The file we are going to method is identified as file1.htm:

Observe: To be certain that the code is shown properly, in the example code proven in this posting, sq. brackets ‘[..]’ are made use of in HTML tags rather of angle brackets ”.

[head]Using Perl and Typical Expressions to Approach Html Files – Part 2Sample HTML File[/title]
[url rel=”stylesheet” form=”text/css” rel=”nofollow” onclick=”javascript:ga(‘send’, ‘pageview’, ‘/outgoing/posting_exit_url/362029’)” href=”fashion.css”]
[p]Welcome to the earth of Perl and standard expressions[/p]
[h2]Programming Languages[/h2]
[table border=”1″ width=”400″]
[tr][th colspan=”2″]Programming Languages[/th][/tr]
[tr][td]Language[/td][td]Normal use[/td][/tr]
[tr][td]JavaScript[/td][td]Shopper-side scripts[/td][/tr]
[tr][td]Perl[/td][td]Processing HTML data files[/td][/tr]
[tr][td]PHP[/td][td]Server-side scripts[/td][/tr]
[p]JavaScript, Perl, and PHP are all interpreted programming languages.[/p]

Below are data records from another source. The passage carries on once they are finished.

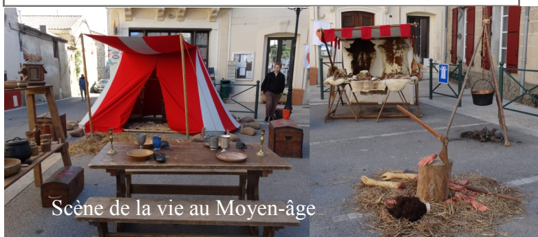
Scène de la vie au Moyen-âge

Mais pendant la marche, sur la place, des bénévoles ont préparé la Fête Médiévale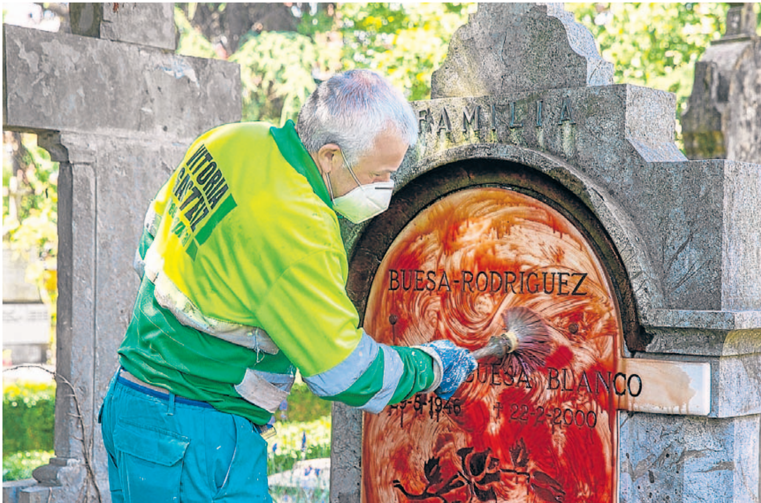
Un operario del Ayuntamiento de Vitoria trata de eliminar la pintura roja que desconocidos arrojaron contra el panteón de la familia Buesa.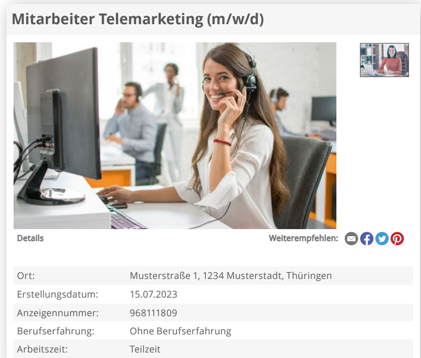
Beispiel: MRB-Technologie auf Kleinanzeigen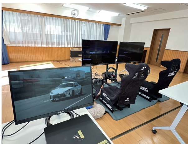
機材も少しずつ傷んできておりますが、修理を出来る部分は自分たちで修理をし、無駄な費用がかからないように工夫しています。それでも、壊れてしまう機材がありますので、都度補修したり、新規購入したりします。そのためにも、皆様からのご支援・ご寄付は活動継続に必要です。

児童養護施設は、地域社会とどう関わることが今後の大きな課題です。施設の外の人々と交流する機会が増えれば、子どもたちは社会に出る準備がしやすくなります。たとえば、地域の企業が職場体験の場を提供する、地域の大人たちがボランティア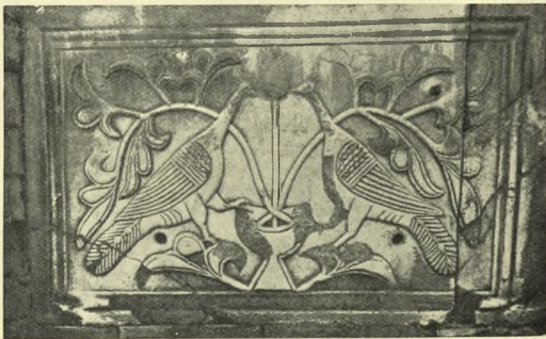
Εἰκ. 6. Ἐκ Βυζαντινοῦ ἀναγλύφου ἐντετοιχισμένου ἐπὶ τῆς προσόψεως Τουρκικῆς κρήνης παρὰ τὸ ὕδραγωγεῖον τοῦ Οὐάλεντος.

κατὰ τὸν ἴδιον τρόπον, ὅπως ἐπὶ τῆς πλακῆς τοῦ Σογανλῆ. Αἱ δύο τελευταῖαι, παραστάσεις αἰτίνες, κατὰ τὴν γνώμην μας, ἀνήκουσιν εἰς τὸν 6 ον αἰῶνα, παραβαλλόμεναι πρὸς τὰς ἐκ τοῦ λουτροῦ τοῦ Ἰμραχόρ (Ἐμίρ - Ἀχούρ) προερχόμενας, παρουσιάζουσι διαφορὰς ἀρκετὰ σημαντικὰς. Ἐνταῦθα οἱ καλλιτέχναι ἐτήρησαν αὐστηρὰν συμμετρίαν, ἣτις ἀρμόζει εἰς τὸν καθαρῶς διακοσμητικὸν σκοπὸν, εἰς τὸν ὅποιον ἀπέβλεψαν, ἐνῶ ὁ καλλιτέχνης ὁ ἐκτελέσας τὰ ἀνάγλυφα τοῦ λουτροῦ τοῦ Ἰμραχόρ, προσεπάθησε μὲ διακοσμητικὴν πάντοτε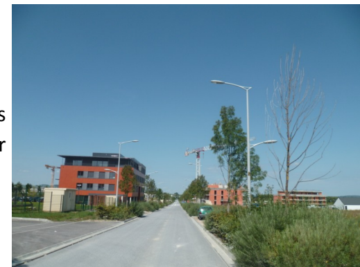
Arbres morts Rue Victor de Brooglie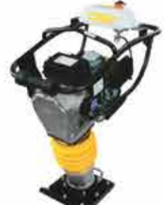
COMPACTADOR DE SOLO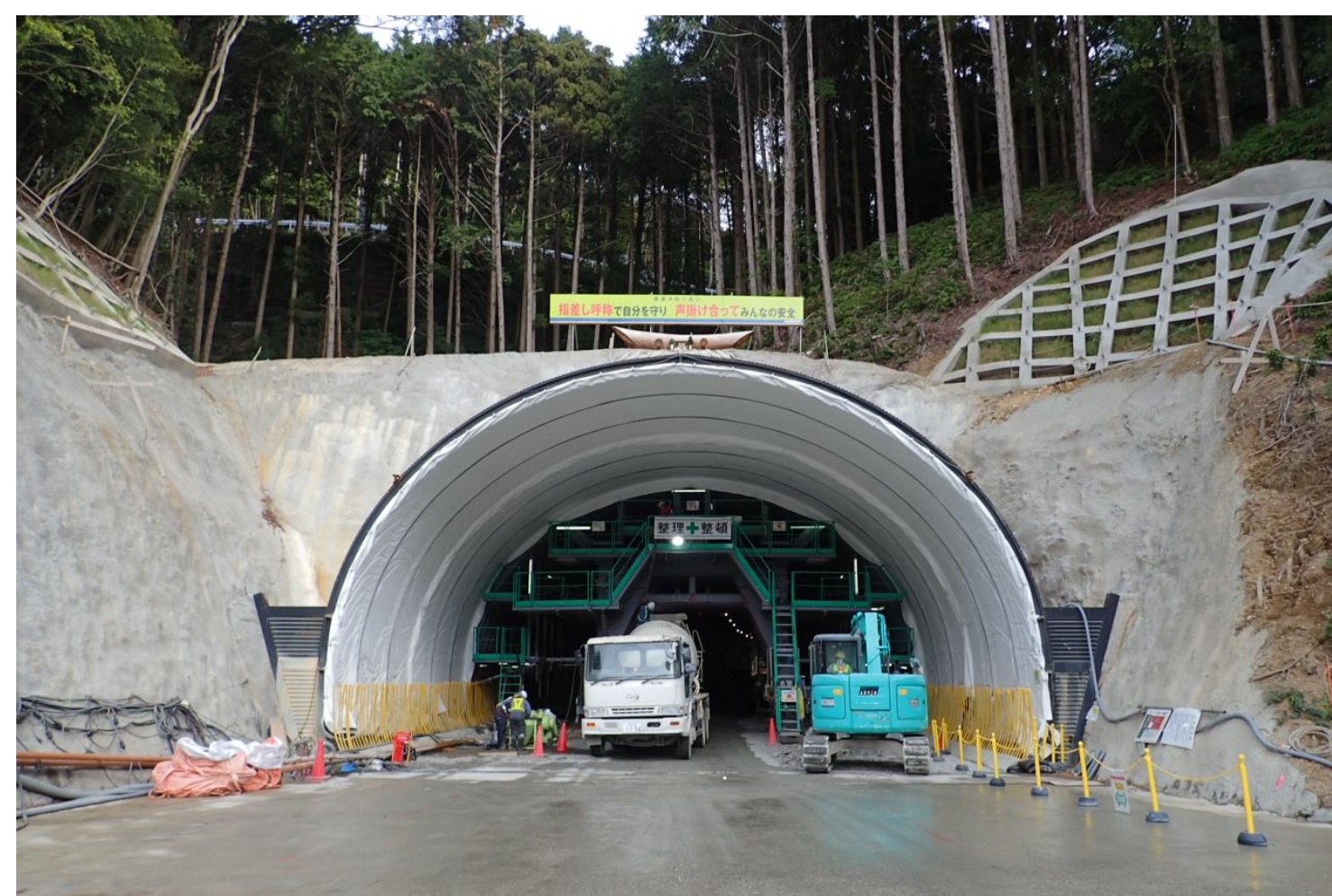
② 里野トンネル他工事(令和2年10月14日貫通)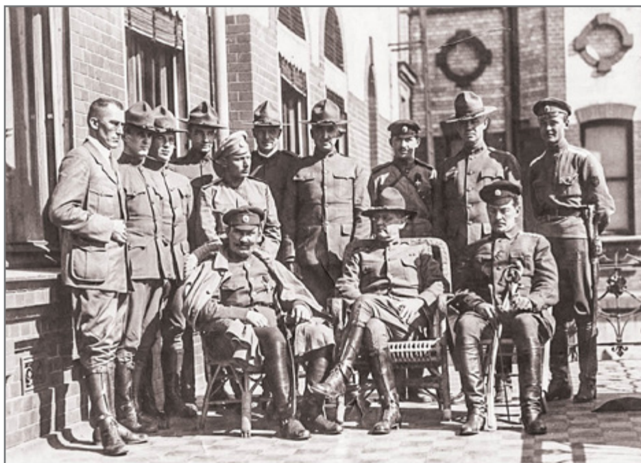
Американские солдаты с русскими офицерами во Владивостоке. Рядом с атаманом Г.М. Семеновым генерал-майор Уильям Сидни Грейвс, командующий 8-й пехотной дивизией, которая была основой американских Экспедиционных сил в Сибири.

После установления советской власти на Дальнем Востоке, недобитые части армий А.В. Колчака, атамана Г.М. Семенова, различные белогвардейские и казачьи формирования ушли в Маньчжурию и другие районы Китая. В это время в Китае шла гражданская война, и тысячи казаков пошли в наемники в воинские формирования местных князьков-милитаристов, а также нанялись на службу Японии, которая в это время активизировала захватническую политику в Юго-Восточной Азии. В составе казачьих войск было много людей, хорошо знавших военное дело, прошедших Первую мировую и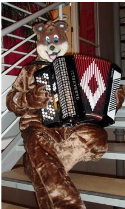
trekkspillbrumming: Både store og små bjørner i aksjon i "Tornado Animalski".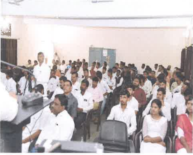
अर्थशास्त्र सेमिनार मध्ये उपस्थित सर्व प्राध्यापक व विद्यार्थी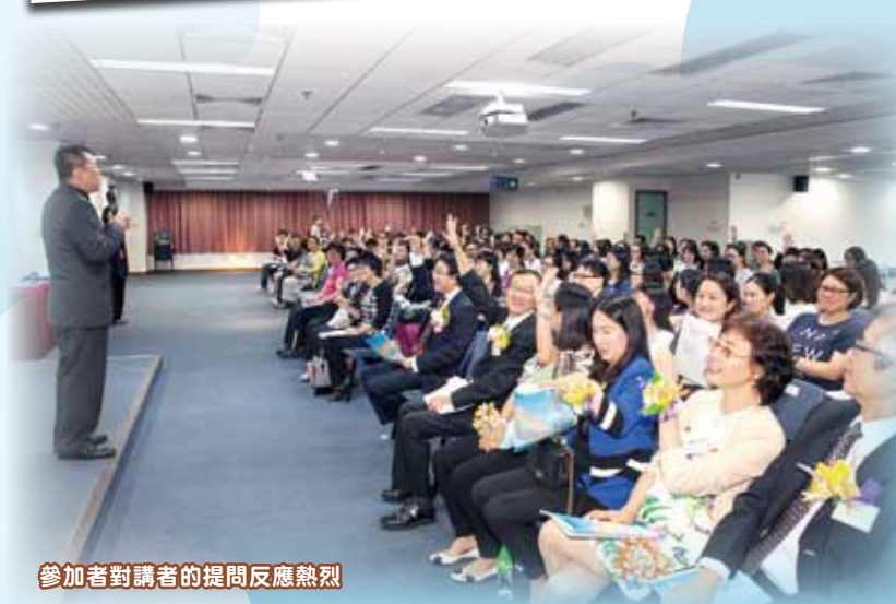
參加者對講者的提問反應熱烈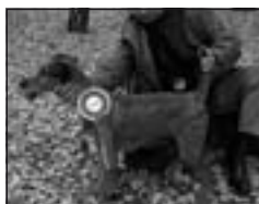
ICH Tina Turner Tavari, KFST I.c.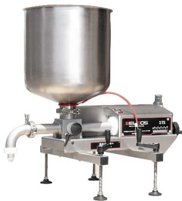
Beltop 275 Depositor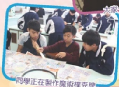
同學正在製作魔術撲克牌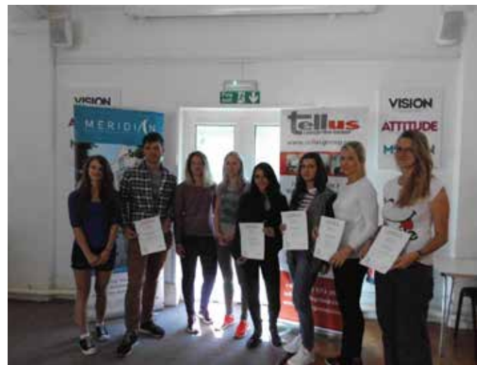
NA KONCI dostali žáci certifikáty.

Připravili: žáci studijních oborů ZL 3, ZA a DVS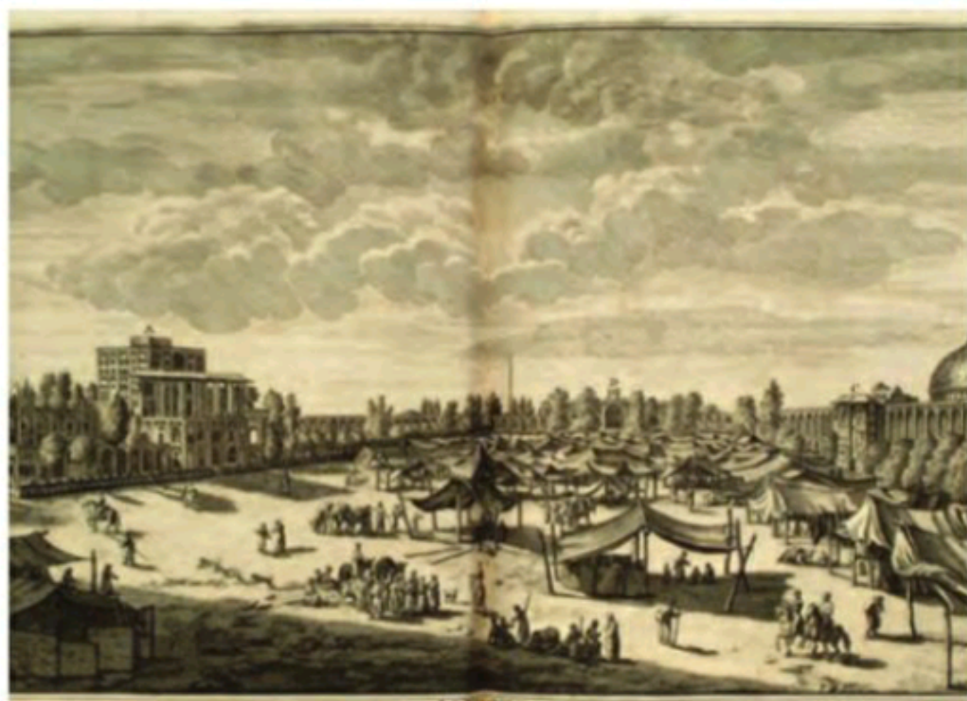
یک نمایی قدیمی از میدان نقش جهان در دوران صفویه که نشانگر رونق تجاری در این دوره است.

در دوران صفویه و با افزایش اقتدار و امنیت در کشور، تولید و تجارت افزایش یافت و ایران با برخی از کشورهای اروپایی روابط سیاسی و بازرگانی برقرار کرد. در آن زمان اروپاییان شرکت‌های بزرگ تجاری تأسیس کرده بودند و می‌خواستند که روابط تجاری خود را با دیگر کشورها مخصوصاً ایران افزایش دهند و در این مسیر به رقابت می‌پرداختند. به همین دلیل، نمایندگانی را برای عقد قراردادهای بازرگانی به کشور ما فرستادند. (۲۲)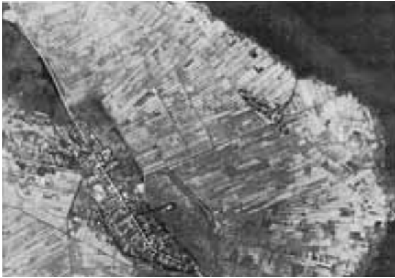
▲左側の集落が渡部。右側の集落が潟端（昭和30年代）

集落内の世帯数は、昭和30年代には43世帯ほどでしたが、現在は50世帯となっています。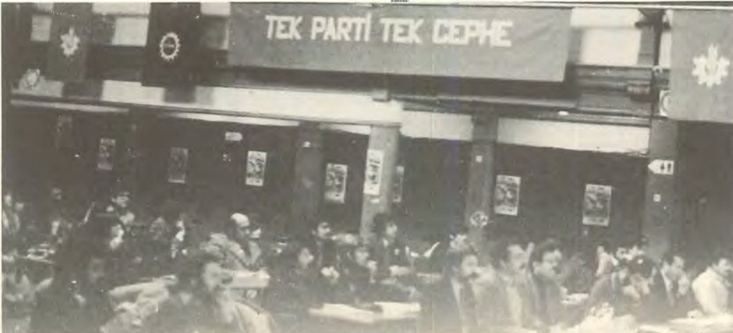
Genel Kurul çalışmalarını sırasında ağırlık noktasını birlik konusu oluşturuyor, "Tek Parti-Tek Cephe" dövizini bu uğurda mücadele kararlılığını simgeliyordu

- Türkiye'de bugünkü dikta yönetimi hüküm sürdüğü sürece, yurt dışındaki Türkiye devlet misyonlarının Türkiyeliler işçilerin sosyal ve kültürel yaşamları ve hukuki statüleri üzerindeki her türlü müdahaleleri önlenmelidir.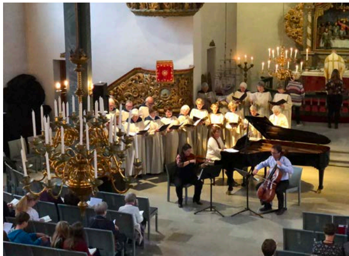
Innvielse av nytt flygel i Asker kirke 14. oktober 2018.

● Kirken malt utvendig (2018) ● Ny atkomstrampe etablert (2018)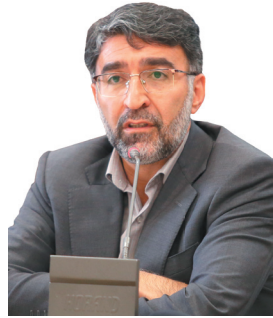
مدیرکل آموزش و پرورش چهارمحال و بختیاری: کمیود معلم در مدارس چهارمحال و بختیاری بر طرف شد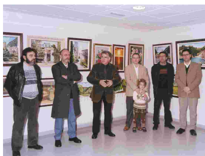
INAUGURACIÓ DE L'EXPOSICIÓ DE L'ASSOCIACIÓ SANFILIPPO ESPANYA

La Sala Canigó, situada a l'Ateneu, va acollir des del 21 de desembre fins al 11 de gener una exposició de quadres per a la recaptació de fons per a l'Associació Sanfilippo Espanya. En total es van vendre 11 quadres i es van aconseguir 2.200 euros, que es destinaran a aquesta entitat, que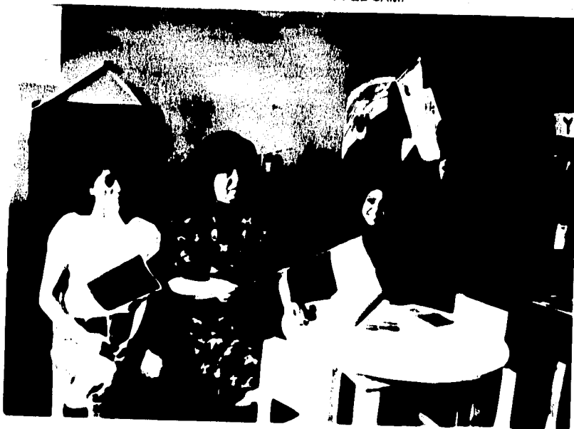
2.-UNION DE MUJERES DE IXTLAHUACAN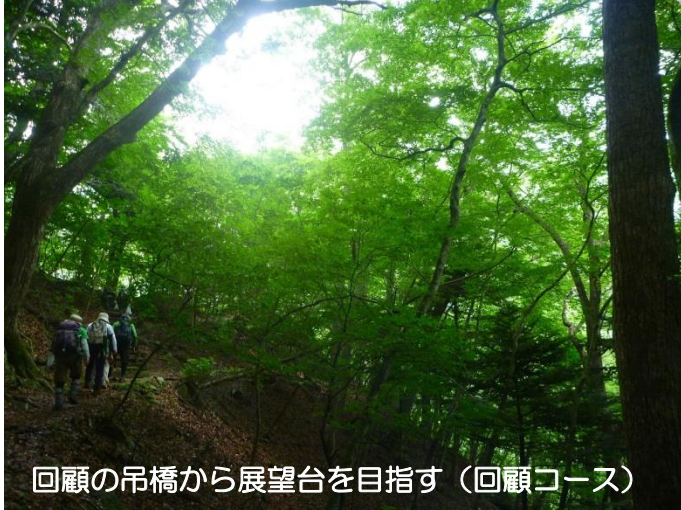
回顧の吊橋から展望台を目指す(回顧コース)

国道 400 号線と温泉郷を流れる箒川に沿って延びる遊歩道。さあ、夏の溪谷の森へ！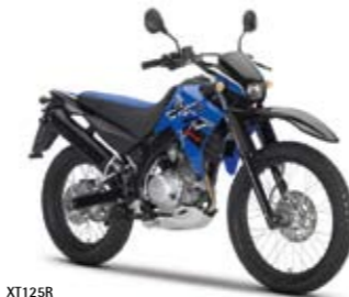
XT125R Racing Blue (MAB)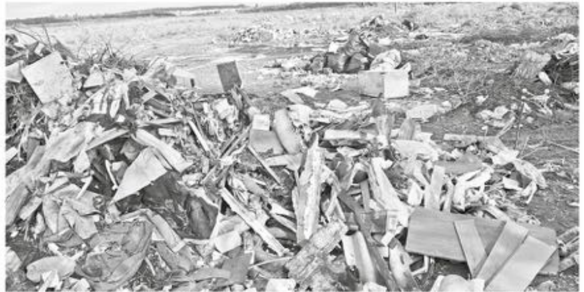
TONELADAS DE BASURA pueden observarse en estos predios ubicados en las proximidades a villa Génesis.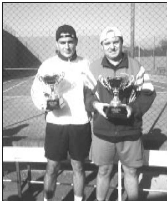
El subcampeón (izda.) y el campeón (dcha.)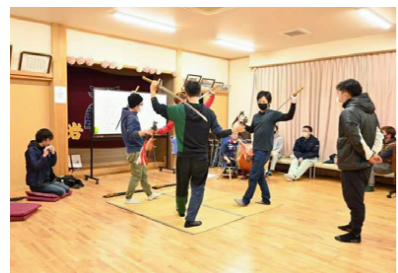
継承式に向けて練習。当日は雪の舞う中、地元の人だけでなく県外からも観客が訪れ、19代目の舞を見守りました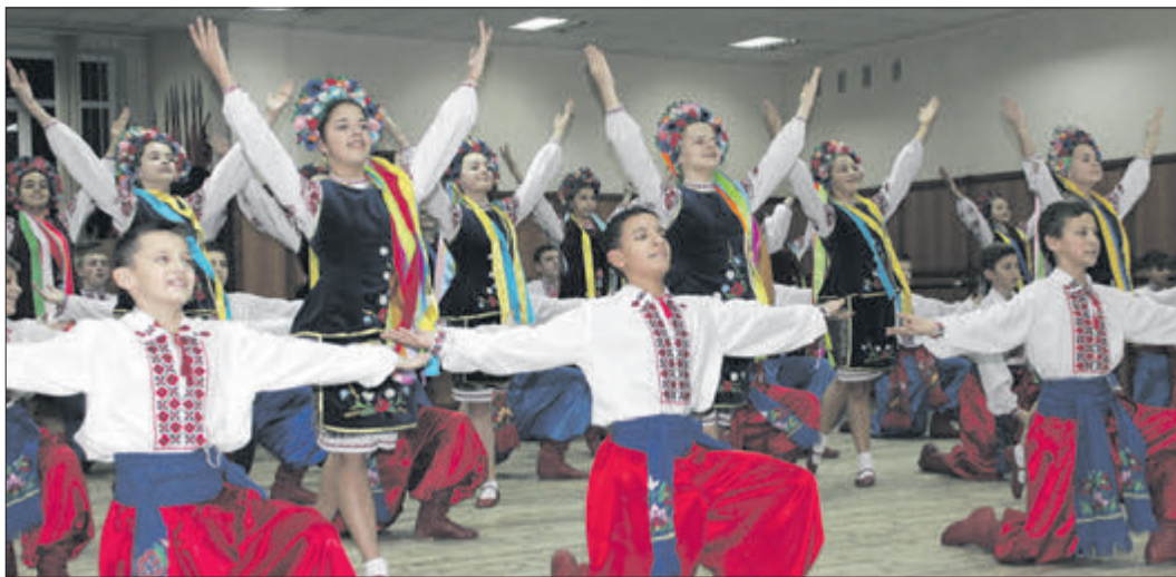
Ну як не замилюєшся такими танцюристами?!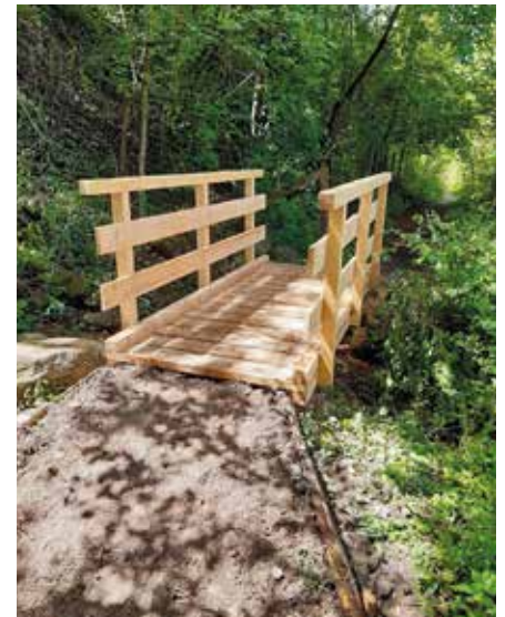
Neue Holzbrücke im Forchwald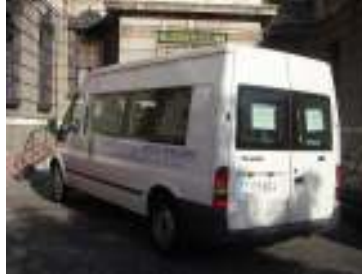
وسائل النقل المجهزة،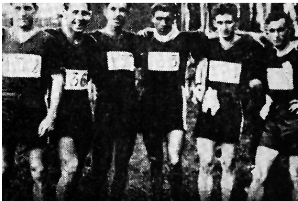
Equipo español que participó en el Cross de las Naciones de 1929 en París.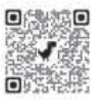
まちづくりアイデアコンテスト おおい町HP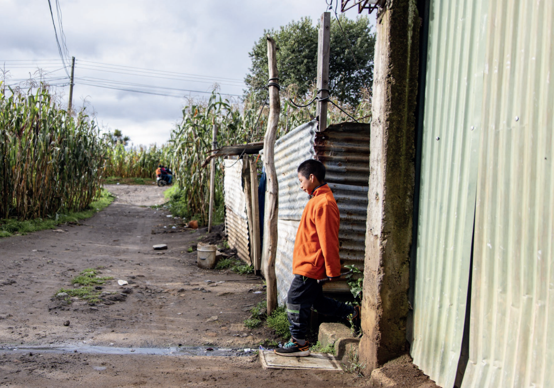
> Juans Familie lebt in einer Wellblechhütte Fotos und Text: Martin Bondzio

Imagine that we want to transform both occurrences of [h1]heading[/h1] to [h1 class=”large”]heading[/h1]. Not a large transform and a little something that could be quickly carried out manually or by executing a straightforward search and swap. But we’re just receiving commenced here.

To do this, we could use the subsequent Perl script (

1 open up (IN, “file1.htm”)
2 open up (OUT, “>new_file1.htm”)
three whilst ($line = [IN])
four $line =~ s/[h1]/[h1 class=”large”]/
5 (print OUT $line)
7 near (IN)
8 near (OUT)

Observe: You will not want to enter the line figures. I have incorporated them simply just so that I can reference unique lines in the script.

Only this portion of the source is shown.